AhNowTed · 19/01/2018 08:46

My god the amount of women on here who wouldn't so much as buy a return drink. Bloody hell

NataliaOsipova · 19/01/2018 08:53

I'd be repulsed by a guy who wouldn't let me go halves. I'd never see them again.

Really? Surely it depends on circumstances- that seems very strong.

We went Dutch, not because I insisted but because she wanted to. She was a partner in a large accountancy firm in the city, had her own home and was about as financially independent as you could get. I was a senior engineer on decent money with my own home.

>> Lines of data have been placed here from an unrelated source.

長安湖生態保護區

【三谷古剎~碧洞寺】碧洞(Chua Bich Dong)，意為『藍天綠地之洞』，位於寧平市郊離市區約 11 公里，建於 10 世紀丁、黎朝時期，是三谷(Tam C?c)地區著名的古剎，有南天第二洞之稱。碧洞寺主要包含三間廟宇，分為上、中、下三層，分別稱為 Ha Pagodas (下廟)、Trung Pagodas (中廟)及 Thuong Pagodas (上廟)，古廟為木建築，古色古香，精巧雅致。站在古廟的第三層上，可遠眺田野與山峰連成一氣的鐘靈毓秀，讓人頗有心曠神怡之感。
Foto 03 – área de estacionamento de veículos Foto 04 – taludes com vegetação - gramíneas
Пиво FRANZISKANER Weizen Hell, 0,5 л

And that's fine. That's how you were both comfortable to play it. But it you're in the situation where a pub lunch doesn't register financially for either of you, I don't see how it would have been any better or worse if one of you had said "I'll get this" and the other had said "Thanks - I'll get the next one". (I'll do this with female friends as well, so I don't think it's a sexist thing either). I don't think there are "rules" for this sort of thing - different people feel more comfortable with different set ups - just look at the interminable threads about bill splitting you see in MN all the time!

Redken24 · 19/01/2018 08:55

I would pay for what I had. And if feeling flush offer to pay for the whole meal.
I wouldn't expect someone else to pay.

formerbabe · 19/01/2018 09:02

I'd be repulsed by a guy who wouldn't let me go halves. I'd never see them again

Really?! If I had a date with a man who agreed to going halves, I'd never see him again. I hate meaness in men. It's not about money....it suggests something about their character.

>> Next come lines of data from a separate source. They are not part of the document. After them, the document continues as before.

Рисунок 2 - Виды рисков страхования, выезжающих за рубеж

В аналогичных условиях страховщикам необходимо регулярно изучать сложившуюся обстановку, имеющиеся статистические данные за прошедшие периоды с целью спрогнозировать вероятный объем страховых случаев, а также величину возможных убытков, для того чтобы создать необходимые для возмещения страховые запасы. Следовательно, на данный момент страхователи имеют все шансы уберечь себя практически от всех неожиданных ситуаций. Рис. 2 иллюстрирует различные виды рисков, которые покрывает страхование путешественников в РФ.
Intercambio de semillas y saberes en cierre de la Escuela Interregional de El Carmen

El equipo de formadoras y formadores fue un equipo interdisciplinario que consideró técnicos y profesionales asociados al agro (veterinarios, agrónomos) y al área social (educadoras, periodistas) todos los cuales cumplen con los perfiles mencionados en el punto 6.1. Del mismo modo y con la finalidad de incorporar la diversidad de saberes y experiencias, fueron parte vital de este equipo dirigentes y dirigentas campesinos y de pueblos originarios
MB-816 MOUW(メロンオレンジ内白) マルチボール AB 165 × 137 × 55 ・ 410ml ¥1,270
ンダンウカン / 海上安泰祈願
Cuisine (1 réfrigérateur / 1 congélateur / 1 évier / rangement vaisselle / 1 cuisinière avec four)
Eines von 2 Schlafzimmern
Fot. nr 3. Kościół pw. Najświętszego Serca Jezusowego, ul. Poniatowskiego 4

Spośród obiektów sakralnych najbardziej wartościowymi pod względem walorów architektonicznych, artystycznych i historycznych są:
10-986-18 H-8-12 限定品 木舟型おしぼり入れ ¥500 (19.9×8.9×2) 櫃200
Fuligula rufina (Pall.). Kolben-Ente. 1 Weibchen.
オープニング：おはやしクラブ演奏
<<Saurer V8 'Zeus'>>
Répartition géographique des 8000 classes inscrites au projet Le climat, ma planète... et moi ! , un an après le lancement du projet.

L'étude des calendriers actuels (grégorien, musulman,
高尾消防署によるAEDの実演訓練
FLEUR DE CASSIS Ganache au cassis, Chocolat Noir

Smeaton · 19/01/2018 09:08

This reply has been deleted

Message withdrawn at poster's request.

BMW6 · 19/01/2018 09:08

Well this thread is certainly an Eye-opener. No wonder so many men still regard women as commodities - so many women regard themselves as such.
Shame on you and your hypocrisy Angry

1ndig0 · 19/01/2018 09:14

I don't think anybody sees themselves as a commodity BMW.
Also, equality is a state of mind. If you know you're equal, then you are.

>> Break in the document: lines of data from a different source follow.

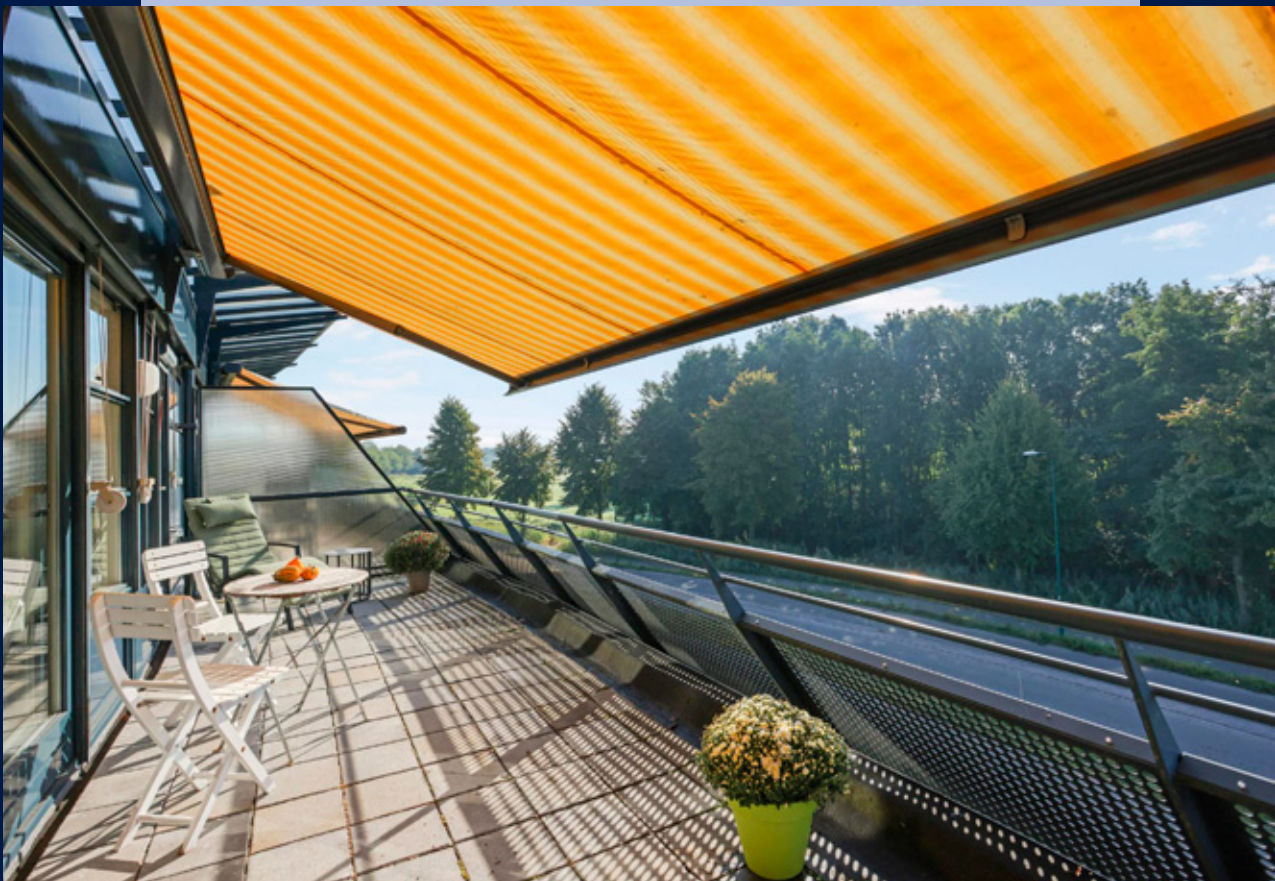
Het balkon is te bereiken door middel van een schuifpui en een deur en ligt over de volle breedte van de woonkamer.
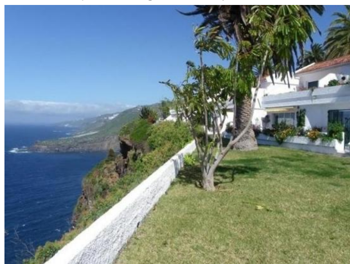
The well-kept garden right on the cliff
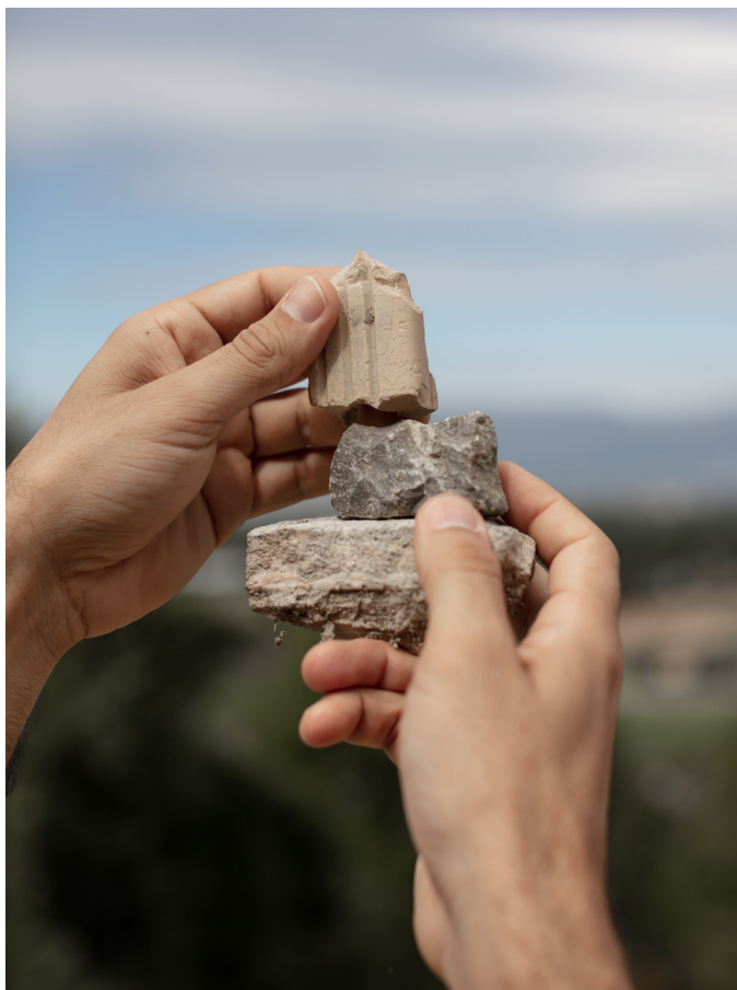
Naissance d'une montagne (Dylan Perrenoud, 2020).

formerbabe · 19/01/2018 09:14

Man agrees to paynhalves = meanness
Woman refusing to pay halves = fine and dandy

I wouldn't refuse to pay halves. I'd offer, if accepted, would pay up. I'd not see him again though.

lottieandmia22 · 19/01/2018 09:18

The equality thing is interesting. Equality isn't really about everyone being treated the same way.

OP posts:
BombsAway · 19/01/2018 09:22

The equality thing is interesting. Equality isn't really about everyone being treated the same way.

No, but making an assumption on how someone should act based on sex is never equality.

user1490465531 · 19/01/2018 09:25

When men and women are paid equal then we can go halves.
Most men do earn more and I think on a first date a man should pay.
I suspect a lot of women would not give a man a second date if he didn't offer to pay.

BombsAway · 19/01/2018 09:28

Most men do earn more and I think on a first date a man should pay.

I don't even think this is true at the stage in life when many are dating.

TickyTakky · 19/01/2018 09:30

I'm actually a bit shocked by this thread and I've been on Mumsnet for years so I thought I was unshockable 😆

I find it cheap and grabby to expect someone else to pay for you when you go out. Presumably both parties have willingly agreed to go out so why would the woman turn expect to not have to pay.

I also don't understand what is 'gentlemanly' about paying.

PanGalaticGargleBlaster · 19/01/2018 09:42

user1490465531

You are aware of that ONS report that confirmed that women in their 20s and 30s actually earn slightly more then their male counterparts? The trend then reverses for women in their 40s as they generally take more time out of the work place. So by your logic those 20/30 something women should pay for the date?